BRIEF » Reproduce, exactly and only, the lines of the data that follows from the one containing "the building is" down to the one containing "какой объем воздуха", without pictures.

RECORD EXCERPTS »

____________

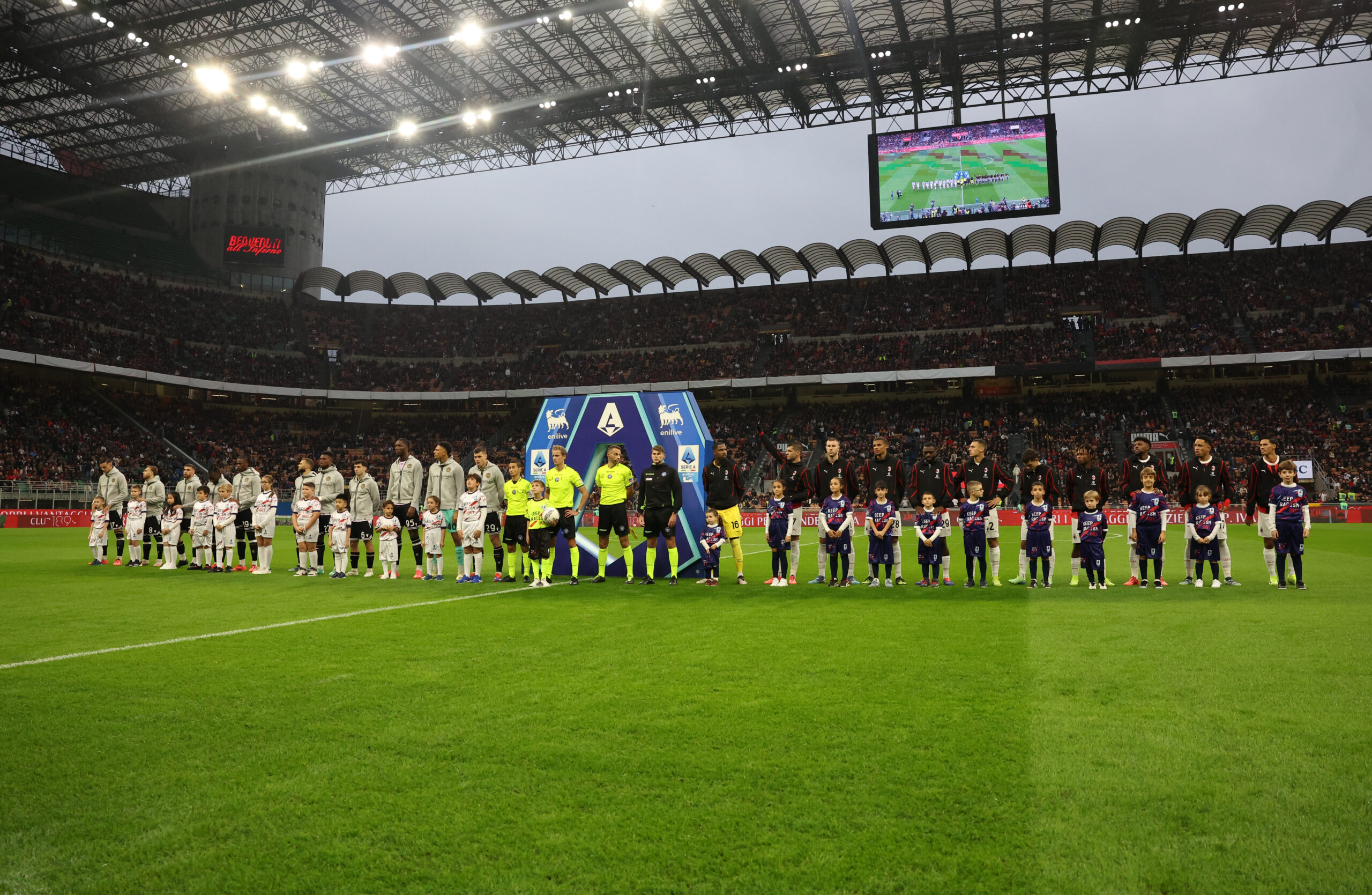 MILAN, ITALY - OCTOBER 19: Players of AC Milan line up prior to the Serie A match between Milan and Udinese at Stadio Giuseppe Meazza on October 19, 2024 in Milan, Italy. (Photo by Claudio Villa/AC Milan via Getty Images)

____________

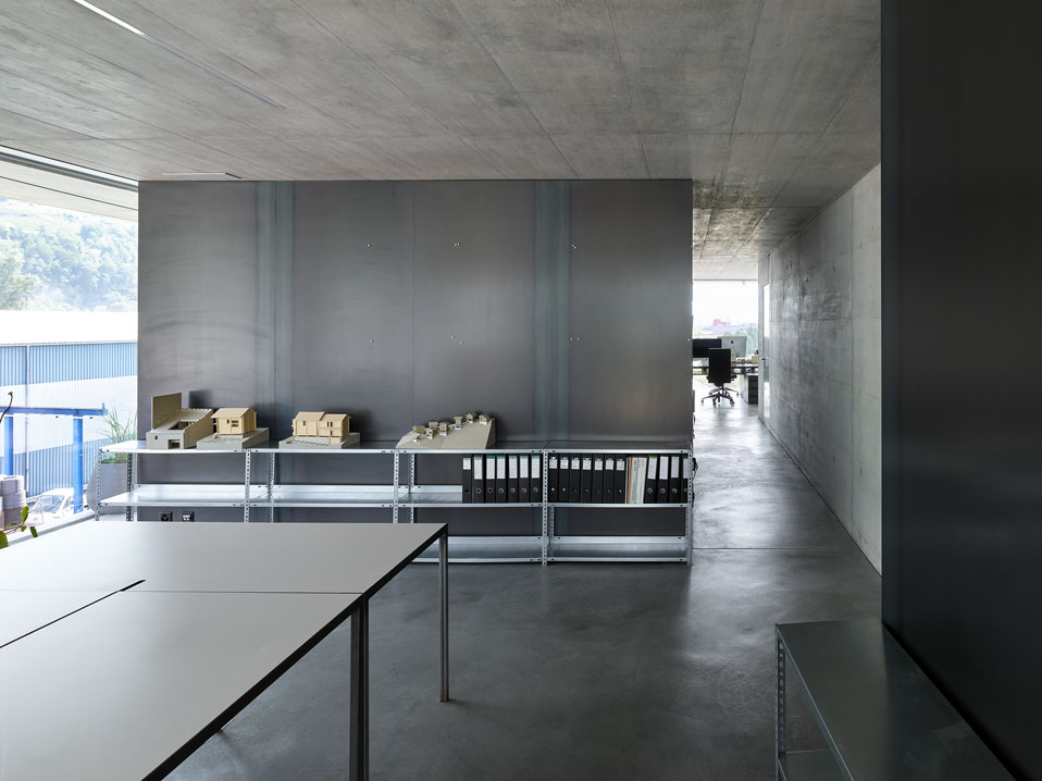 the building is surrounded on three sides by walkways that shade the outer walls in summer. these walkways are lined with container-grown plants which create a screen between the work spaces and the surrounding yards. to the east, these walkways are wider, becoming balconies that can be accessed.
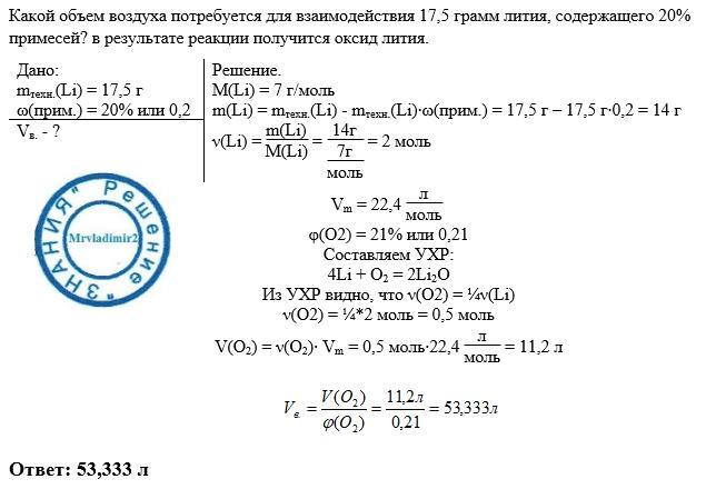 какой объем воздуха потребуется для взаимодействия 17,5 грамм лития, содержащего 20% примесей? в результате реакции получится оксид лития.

____________

ANSWER TO THIS EXERCISE »
 the building is surrounded on three sides by walkways that shade the outer walls in summer. these walkways are lined with container-grown plants which create a screen between the work spaces and the surrounding yards. to the east, these walkways are wider, becoming balconies that can be accessed.
 какой объем воздуха потребуется для взаимодействия 17,5 грамм лития, содержащего 20% примесей? в результате реакции получится оксид лития.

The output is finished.